Task — Starting at the line that contains "Solid Walnut 8", transcribe each line exactly through the end of the data below, and skip any pictures.

Stored items from a collection
_____
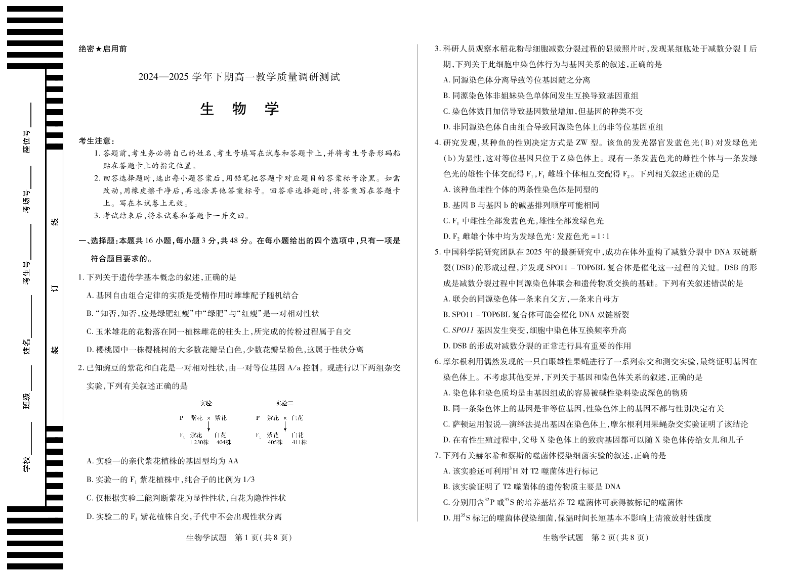 生物鹤壁高一下教学质量调研测试.pdf
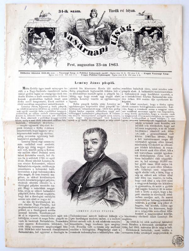 Beschreibung: 1863 a Vasárnapi Ujság 10. évf. 34. lapszáma (aug. 23.), benne érdekes írásokkal
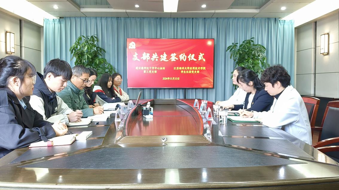 为扎实推进基层党建提质增效,实现校地优势互补、工作互动、共同发展,11月13日上午,学院学生社团党支部与连云港市中心血站第三党支部在宋跳校区行政楼三楼会议室举行支部结对共建签约仪式。学院党委副书记时树奎,市中心血站党委委员、副站长赵小娟出席签约仪式。双方党支部党员代表、青年志愿者代表共同出席了此次活动。
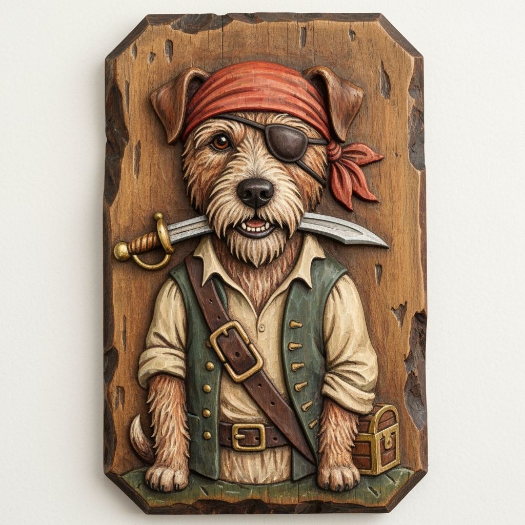 This image shows a whimsical wood carving of a pirate dog. The folk art plaque features rustic details, a distressed finish, and warm, earthy tones that evoke a sense of adventure.
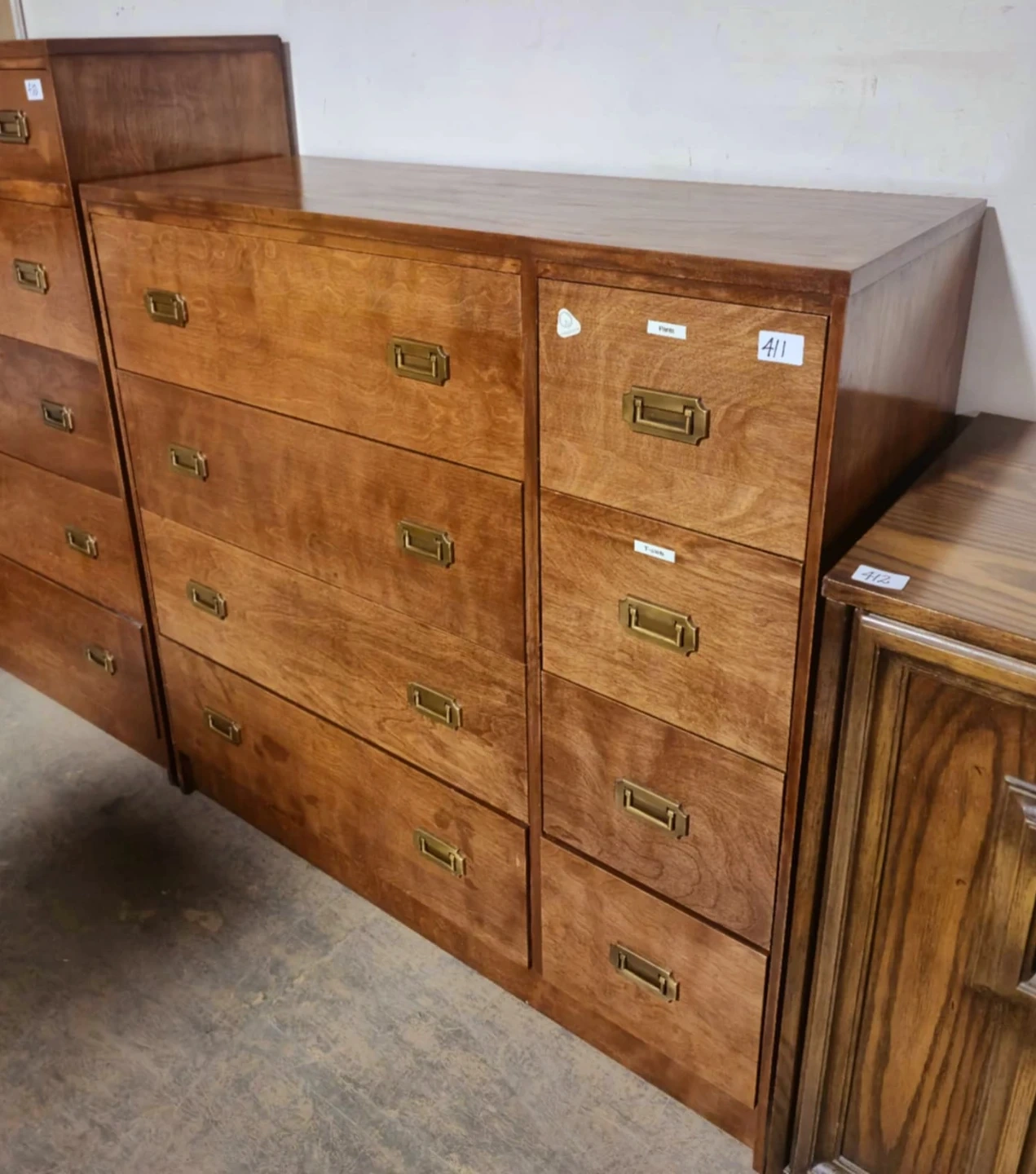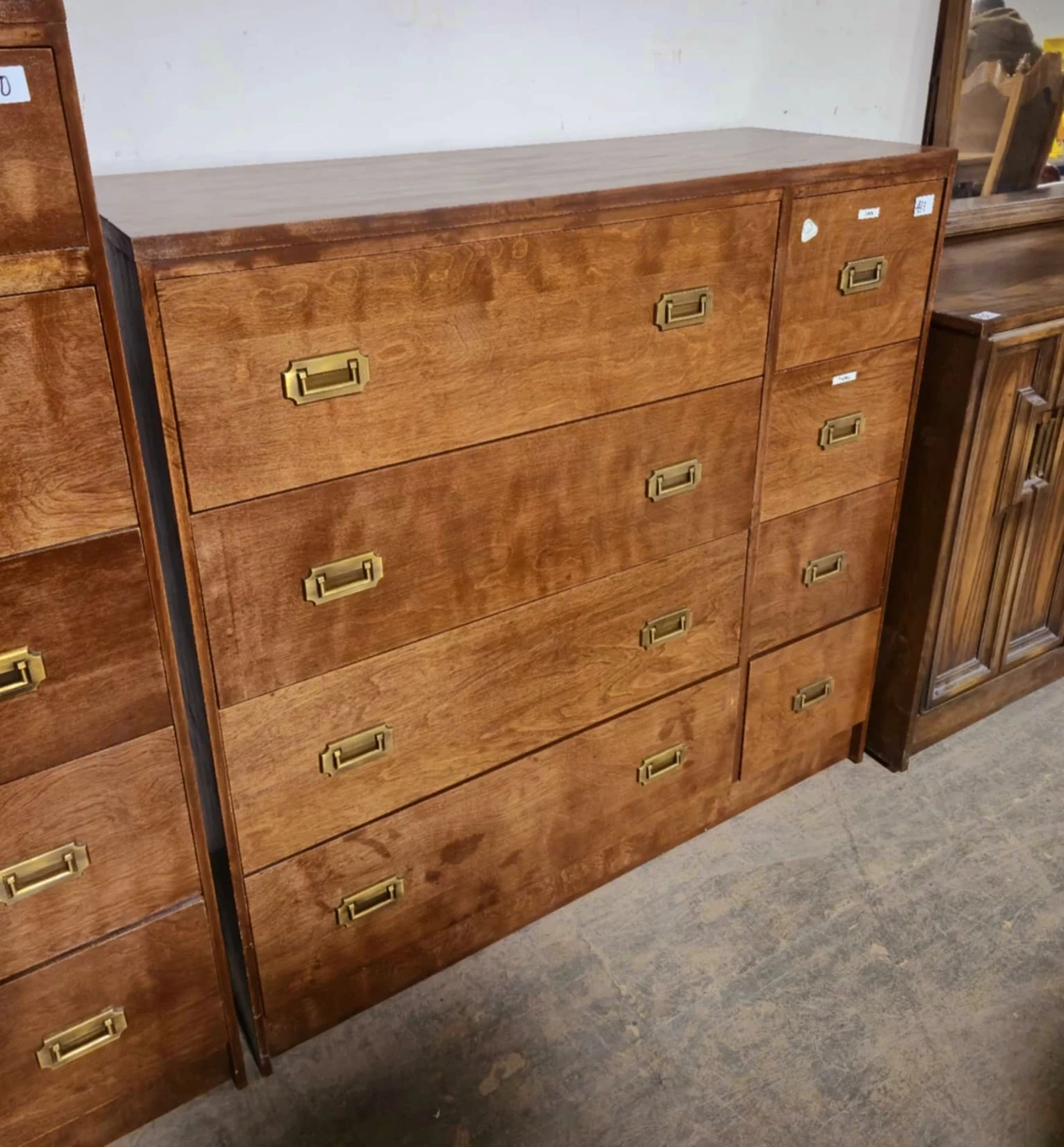 Solid Walnut 8 Drawer Tallboy Dresser With Brass Handles (Delivery Available)
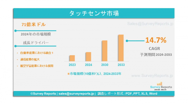 Survey Reports LLCは、2024年11月に調査レポートを発行したことを発表した。タッチセンサー市場のセグメンテーション(タイプ別(抵抗膜方式、静電容量方式、表面弾性波方式(SAW);赤外線、光学)、チャネルタイプ別(マルチチャネル&シングルチャネル);設置エリア別(スマートフォン&タブレット、ノートパソコン、自動車&航空機ソリューション、エレベーター、ATM、医療機器、パネル制御システム、キオスクソリューション&その他);エンドユーザー別(家電、自動車、航空宇宙、医療、工場オートメーション、小売&その他) - グローバル市場分析、トレンド、 航空機ソリューション、エレベーター、ATM、医療機器、パネル制御システム、キオスクソリューション、その他)別、エンドユーザー別(民生用電子機器、自動車、航空宇宙、医療、工場オートメーション、小売店、その他)別 - 2024年から2033年までのグローバル市場分析、動向、機会、予測を提供する。これは、タッチセンサー市場の成長促進要因、市場機会、課題、脅威など、いくつかの重要な市場力学を強調している。
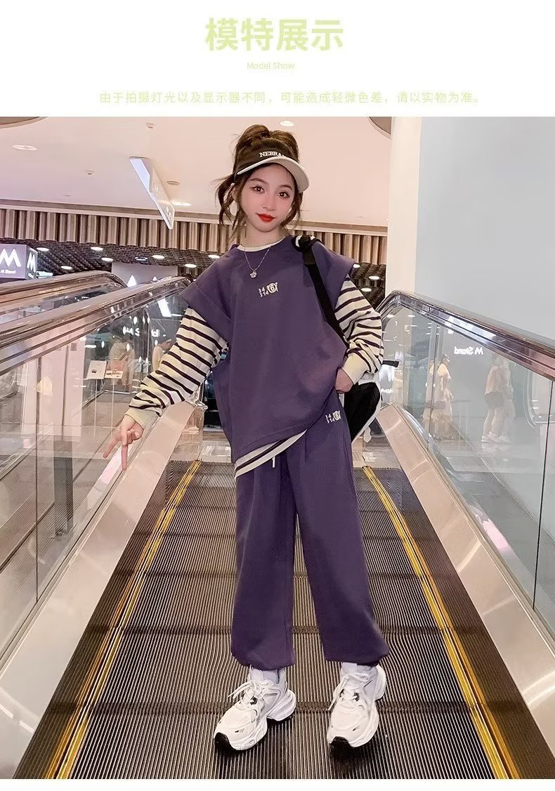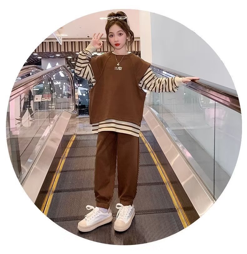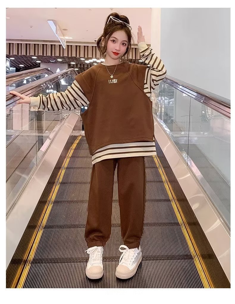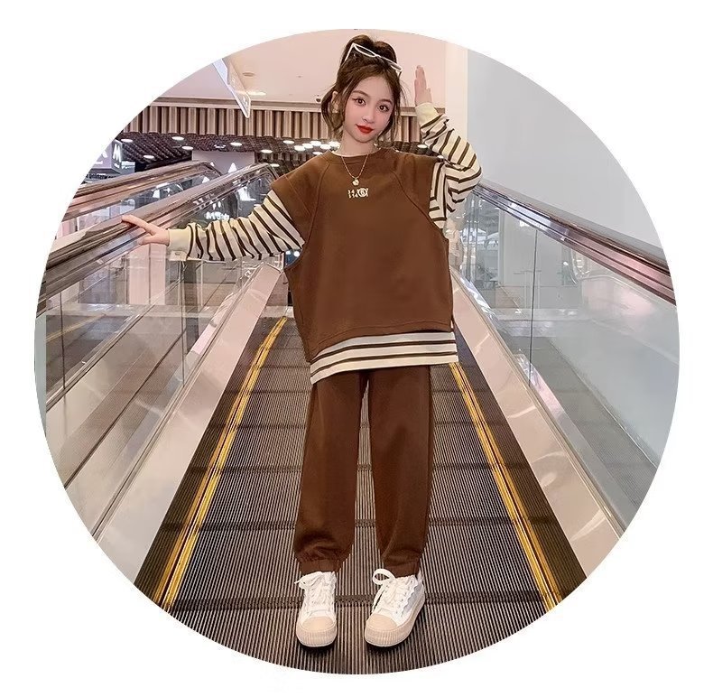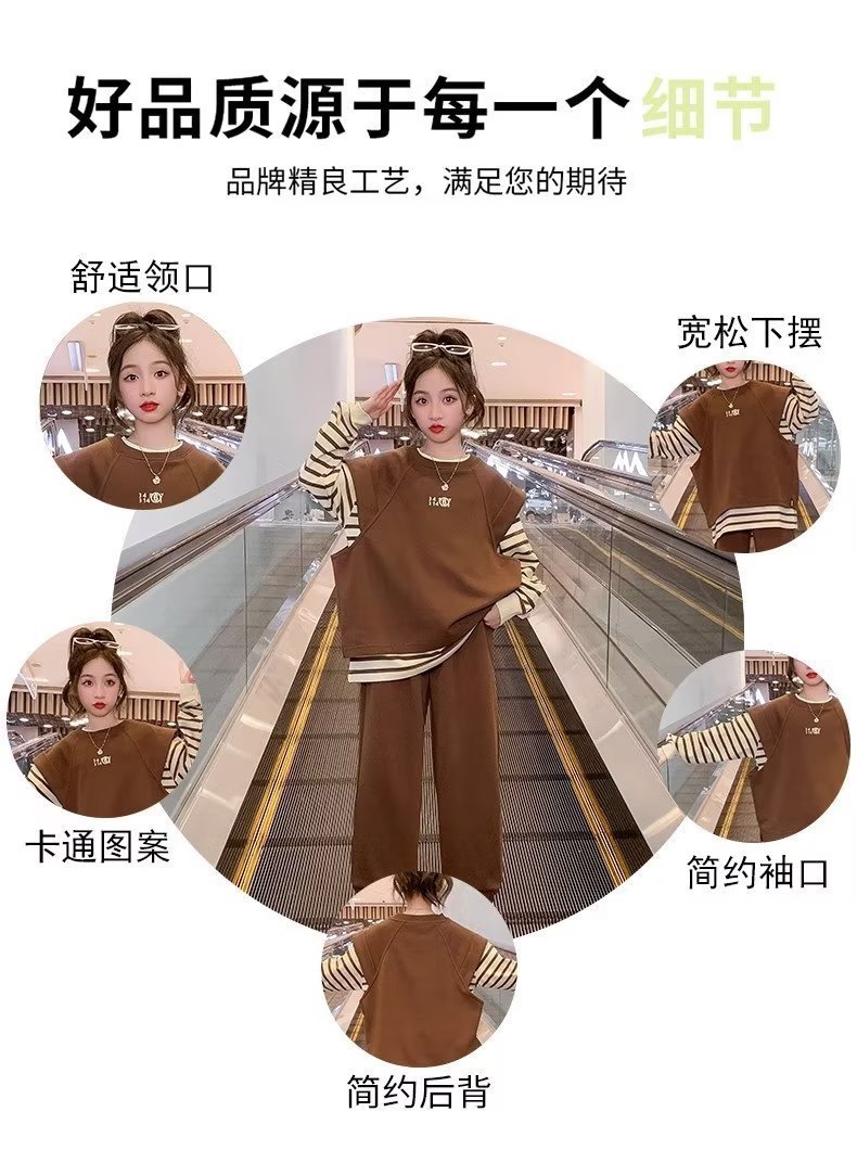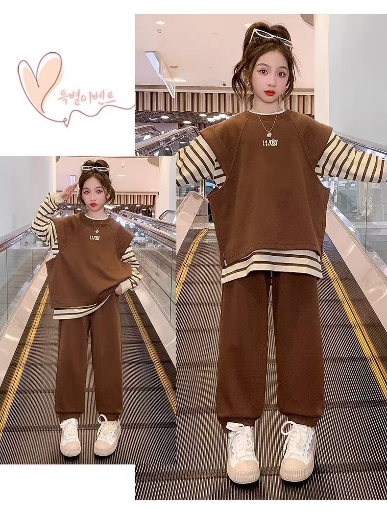 [복합 실버 여우 벨벳] 소녀 플러스 벨벳 세트 2024 겨울 새 소녀 서양식 가을과 겨울 두꺼운 스웨터
_____
Response —
 Solid Walnut 8 Drawer Tallboy Dresser With Brass Handles (Delivery Available)
 Survey Reports LLCは、2024年11月に調査レポートを発行したことを発表した。タッチセンサー市場のセグメンテーション(タイプ別(抵抗膜方式、静電容量方式、表面弾性波方式(SAW);赤外線、光学)、チャネルタイプ別(マルチチャネル&シングルチャネル);設置エリア別(スマートフォン&タブレット、ノートパソコン、自動車&航空機ソリューション、エレベーター、ATM、医療機器、パネル制御システム、キオスクソリューション&その他);エンドユーザー別(家電、自動車、航空宇宙、医療、工場オートメーション、小売&その他) - グローバル市場分析、トレンド、 航空機ソリューション、エレベーター、ATM、医療機器、パネル制御システム、キオスクソリューション、その他)別、エンドユーザー別(民生用電子機器、自動車、航空宇宙、医療、工場オートメーション、小売店、その他)別 - 2024年から2033年までのグローバル市場分析、動向、機会、予測を提供する。これは、タッチセンサー市場の成長促進要因、市場機会、課題、脅威など、いくつかの重要な市場力学を強調している。
 [복합 실버 여우 벨벳] 소녀 플러스 벨벳 세트 2024 겨울 새 소녀 서양식 가을과 겨울 두꺼운 스웨터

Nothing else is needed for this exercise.